As you can see, the augmented bounding boxes perfectly fit each bounding box's rotated pixels. But due to having to wrap around the pixels furthest to the top/right/bottom/left, the new bounding boxes now also contain large amounts of pixels that were previously not contained in the bounding boxes.

Drawing¶

A common operation is to draw bounding boxes on images. The method to do that was already used in the above examples. It offers arguments to control the color, size (i.e. border thickness) and alpha (i.e. opacity) of the drawn bounding boxes.

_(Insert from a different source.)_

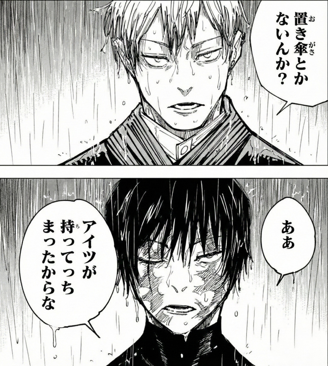 | … | 43126/02/07(土)21:59:15No.1399769802そうだねx2…伏黒恵が買ってた傘だろう |
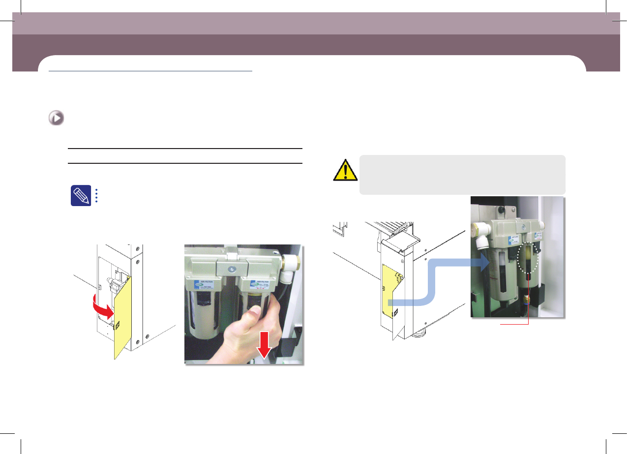 Step 3. 打 开 设 备 背 面 右 下 角 的 护 门 后 、拉 下 Mist Filter容器闭锁按键

The example below shows their usage.

In [7]:

image_bbs = np.copy(image)
image_bbs = bbs.bounding_boxes[0].draw_on_image(image_bbs, color=[255, 0, 0], size=3)
image_bbs = bbs.bounding_boxes[1].draw_on_image(image_bbs, color=[0, 255, 0], size=10, alpha=0.5)
ia.imshow(image_bbs)

If we add labels to the bounding boxes, they are also automatically drawn:

In [8]:

bbs_labeled = bbs.deepcopy()
bbs_labeled[0].label = "approximately a pig"
bbs_labeled[1].label = "bird"

image_bbs = bbs_labeled.draw_on_image(image, size=2)

ia.imshow(image_bbs)

If you want to set labels on the bounding boxes, but not having them drawn, call manually draw_box_on_image() on each bounding box. That only draws the box.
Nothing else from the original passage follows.